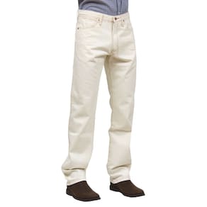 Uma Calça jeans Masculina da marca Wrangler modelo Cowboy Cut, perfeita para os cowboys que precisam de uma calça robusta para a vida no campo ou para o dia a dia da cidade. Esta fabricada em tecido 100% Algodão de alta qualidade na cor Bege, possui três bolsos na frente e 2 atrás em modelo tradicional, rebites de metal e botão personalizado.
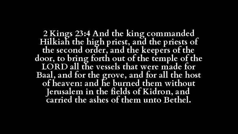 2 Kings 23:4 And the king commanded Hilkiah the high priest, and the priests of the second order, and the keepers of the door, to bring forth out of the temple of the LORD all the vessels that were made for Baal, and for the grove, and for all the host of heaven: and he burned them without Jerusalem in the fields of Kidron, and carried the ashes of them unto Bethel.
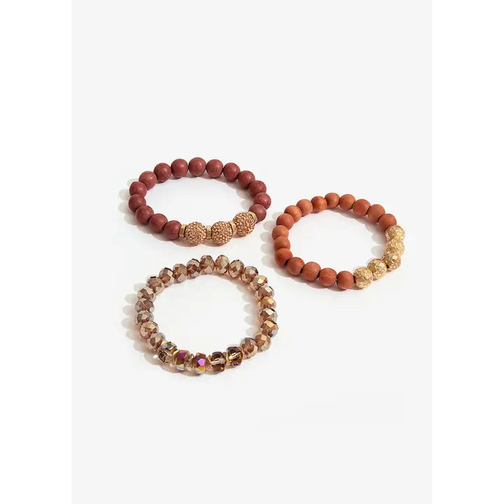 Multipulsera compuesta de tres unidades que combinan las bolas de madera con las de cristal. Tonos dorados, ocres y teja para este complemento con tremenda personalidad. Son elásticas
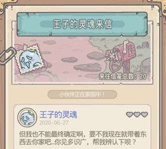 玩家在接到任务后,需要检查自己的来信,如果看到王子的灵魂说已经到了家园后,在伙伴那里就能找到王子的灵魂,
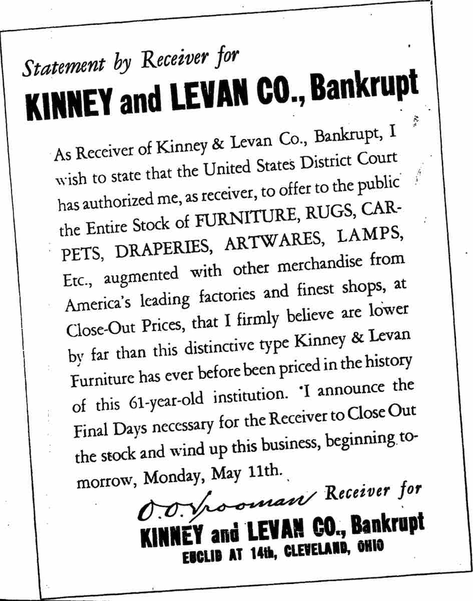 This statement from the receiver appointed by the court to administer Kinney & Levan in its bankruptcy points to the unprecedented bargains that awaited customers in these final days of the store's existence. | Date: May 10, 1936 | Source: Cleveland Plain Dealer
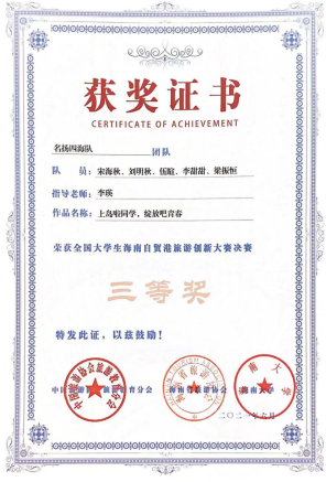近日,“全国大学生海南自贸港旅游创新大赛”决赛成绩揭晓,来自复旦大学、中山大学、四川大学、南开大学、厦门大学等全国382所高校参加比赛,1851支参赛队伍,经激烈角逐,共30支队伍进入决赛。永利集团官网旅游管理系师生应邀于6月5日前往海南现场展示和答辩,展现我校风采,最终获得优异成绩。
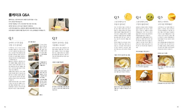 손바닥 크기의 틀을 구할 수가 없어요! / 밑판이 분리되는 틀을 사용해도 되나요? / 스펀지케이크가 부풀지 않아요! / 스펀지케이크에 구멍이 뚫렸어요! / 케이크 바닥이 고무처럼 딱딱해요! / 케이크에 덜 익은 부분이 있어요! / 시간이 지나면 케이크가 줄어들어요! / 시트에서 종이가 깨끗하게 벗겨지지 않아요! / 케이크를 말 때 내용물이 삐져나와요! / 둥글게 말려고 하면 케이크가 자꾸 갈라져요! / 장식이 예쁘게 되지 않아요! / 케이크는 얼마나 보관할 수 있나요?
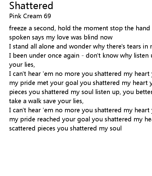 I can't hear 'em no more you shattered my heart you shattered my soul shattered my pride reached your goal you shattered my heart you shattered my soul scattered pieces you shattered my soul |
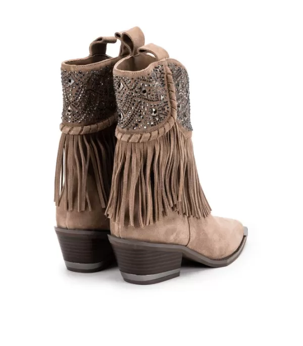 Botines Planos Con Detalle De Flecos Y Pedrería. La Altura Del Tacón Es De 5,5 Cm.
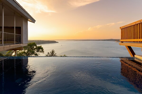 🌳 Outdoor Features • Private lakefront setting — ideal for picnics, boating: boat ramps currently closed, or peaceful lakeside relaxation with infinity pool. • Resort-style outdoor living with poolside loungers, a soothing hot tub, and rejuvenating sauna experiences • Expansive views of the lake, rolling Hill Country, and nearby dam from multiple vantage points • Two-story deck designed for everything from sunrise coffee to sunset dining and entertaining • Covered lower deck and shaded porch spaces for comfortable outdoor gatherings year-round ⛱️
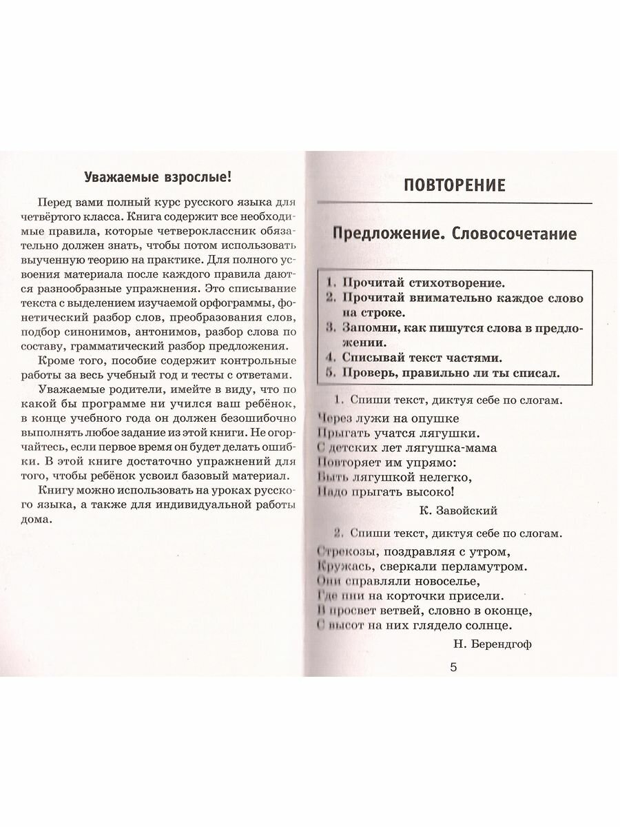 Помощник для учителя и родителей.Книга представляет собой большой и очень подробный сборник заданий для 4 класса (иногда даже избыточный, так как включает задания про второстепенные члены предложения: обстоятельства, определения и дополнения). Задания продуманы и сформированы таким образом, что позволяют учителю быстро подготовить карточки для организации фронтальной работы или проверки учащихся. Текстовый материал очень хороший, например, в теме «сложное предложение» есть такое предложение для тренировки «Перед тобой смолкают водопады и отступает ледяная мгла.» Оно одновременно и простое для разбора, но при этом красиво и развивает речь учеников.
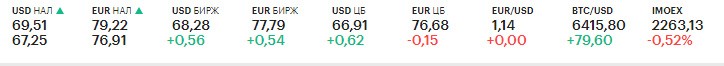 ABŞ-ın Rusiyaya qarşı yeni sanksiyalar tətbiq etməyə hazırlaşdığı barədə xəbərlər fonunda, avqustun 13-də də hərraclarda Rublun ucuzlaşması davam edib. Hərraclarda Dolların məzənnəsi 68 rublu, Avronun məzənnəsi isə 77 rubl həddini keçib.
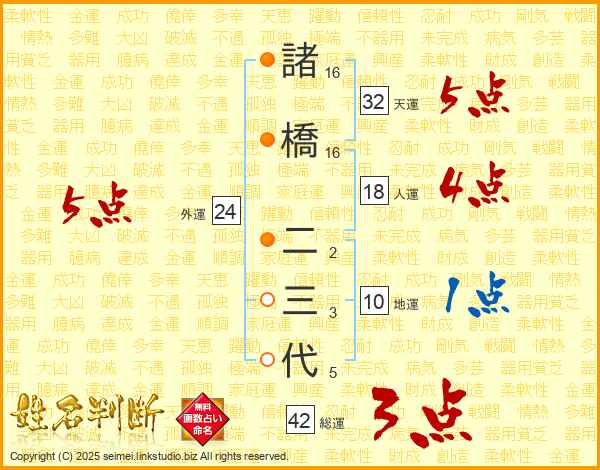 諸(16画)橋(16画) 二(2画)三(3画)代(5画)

==========

Repeat the data verbatim through the "玩家在接到任务后,需要检查自" line, no pictures.

 Uma Calça jeans Masculina da marca Wrangler modelo Cowboy Cut, perfeita para os cowboys que precisam de uma calça robusta para a vida no campo ou para o dia a dia da cidade. Esta fabricada em tecido 100% Algodão de alta qualidade na cor Bege, possui três bolsos na frente e 2 atrás em modelo tradicional, rebites de metal e botão personalizado.
 2 Kings 23:4 And the king commanded Hilkiah the high priest, and the priests of the second order, and the keepers of the door, to bring forth out of the temple of the LORD all the vessels that were made for Baal, and for the grove, and for all the host of heaven: and he burned them without Jerusalem in the fields of Kidron, and carried the ashes of them unto Bethel.
 Multipulsera compuesta de tres unidades que combinan las bolas de madera con las de cristal. Tonos dorados, ocres y teja para este complemento con tremenda personalidad. Son elásticas
 玩家在接到任务后,需要检查自己的来信,如果看到王子的灵魂说已经到了家园后,在伙伴那里就能找到王子的灵魂,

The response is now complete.